A highly-skilled Net Zero workforce could establish Canada as a top destination for green investment, building on existing advantages, including a free trade pact with the U.S. and Mexico and large deposits of natural resources critical to clean technology.

A comprehensive skills strategy must be a key pillar of Canada’s $2 trillion Net Zero transition, particularly as other countries compete for investment.
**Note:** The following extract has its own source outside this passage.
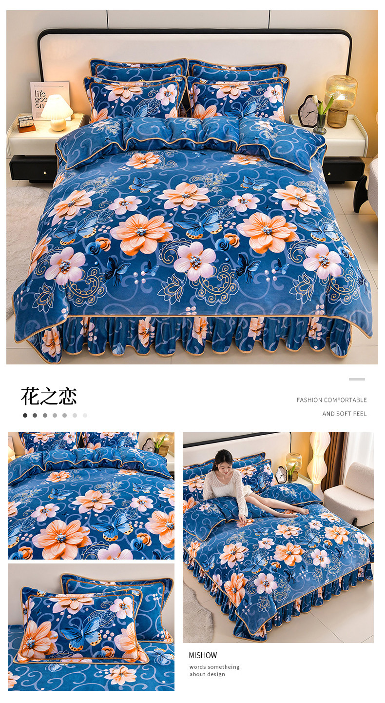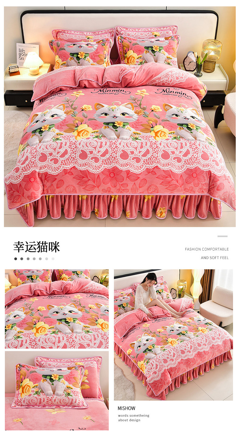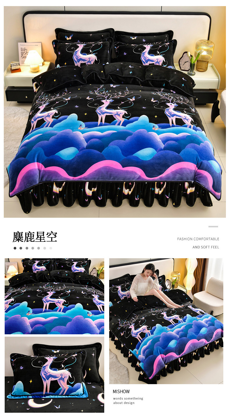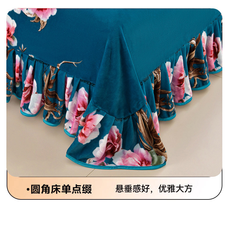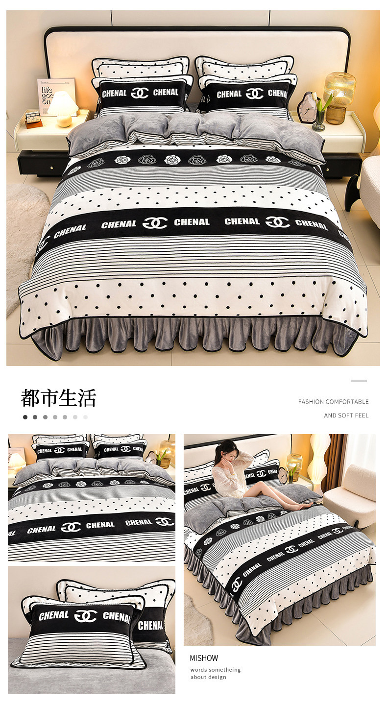 冬季牛奶絨床裙四件套雙面加絨被套加厚法蘭絨床單珊瑚絨床上用品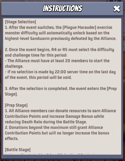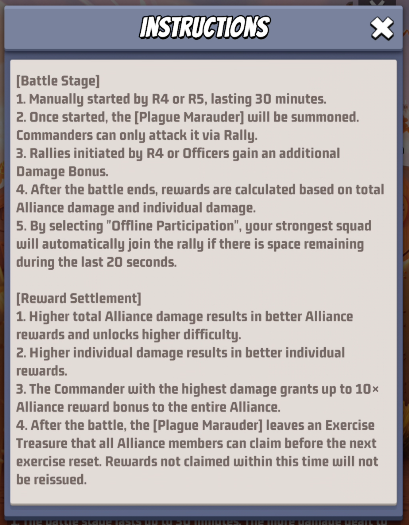 - Week 1 off-season: Return of Alliance Exercise and Zombie Siegets

Canada is on the cusp of a generational skills crisis. As a nation, we’ve set some of the most ambitious climate objectives in the world, led by an overarching goal to reach Net Zero emissions by 2050. This pursuit brings with it an abundance of opportunity: for Canadian innovation, for new green investment, and for economic growth.
But none of it will happen without people. Our journey to Net Zero hinges not just on the large-scale mobilization of financial capital but also, critically, human capital. According to our research, 3.1 million Canadian jobs will change in some way over the next decade due to the climate transition. Traditional energy sector workers will need to be bridged to new, growing areas of the economy as this evolution plays out. But as our research shows, equally important and wide-ranging skills shifts are already taking place in other parts of the economy.
Companies like Vancouver’s Ballard Power Systems, at the forefront of the energy transition, will need engineers trained in the rapidly-evolving technology of hydrogen fuel cells. Long-established industrial giants like Sault Ste. Marie’s Algoma Steel will need to recruit and retrain workers as it overhauls its operations to rely on clean electricity. Firms like Oakville-based Samuel, Son & Co.—one of the largest North American metals processors, now pivoting to automation, robotics and innovative new forms of manufacturing—will increasingly seek engineers, workers with hybrid skillsets and those with training in new disciplines like mechatronics (integrating mechanical, electronic and electrical engineering), as it aims to make supply chains more efficient. And nearly everywhere, across nearly every industry, Canadian companies will need more traditional skilled tradespeople—the metallurgists, welders, machinists and other workers already in severe short supply.
To meet the moment, Canada needs a strategy—and a workforce nimble enough to keep pace with the rapid technological and operational changes driving the climate transition. We’ll need new models of collaboration among businesses, government and post-secondary institutions. We’ll need companies driving cutting-edge innovation to take a bigger role in work-integrated learning and training. And we’ll need workers and students to adopt a mindset of constant learning. Chronic problems will have to be tackled too, including longstanding bottlenecks in our pipeline of skilled tradespeople and a failure to tap into underutilized pools of talent such as women, immigrants and Indigenous youth.
Skills must be at the heart of any strategy to achieve Canada’s new target of cutting emissions by at least 40% by 2030. Yet so far, our discussions have been largely limited to debate about regulation and technology.
In this report, we examine the transformations already underway in Canada’s labour force as the country moves to a Net Zero economy. We map out the sectors and occupations experiencing the greatest disruption, the ways skills are shifting within specific professions and the competitive advantage that a green workforce will bring. The challenge ahead is sizeable, but for workers and employers alike, the payoff could be significant: as many as 400,000 new jobs will be added in fields that will demand enhanced skills. The importance of these green skills can’t be overstated—equipping Canadians with them is the only way to get to Net Zero.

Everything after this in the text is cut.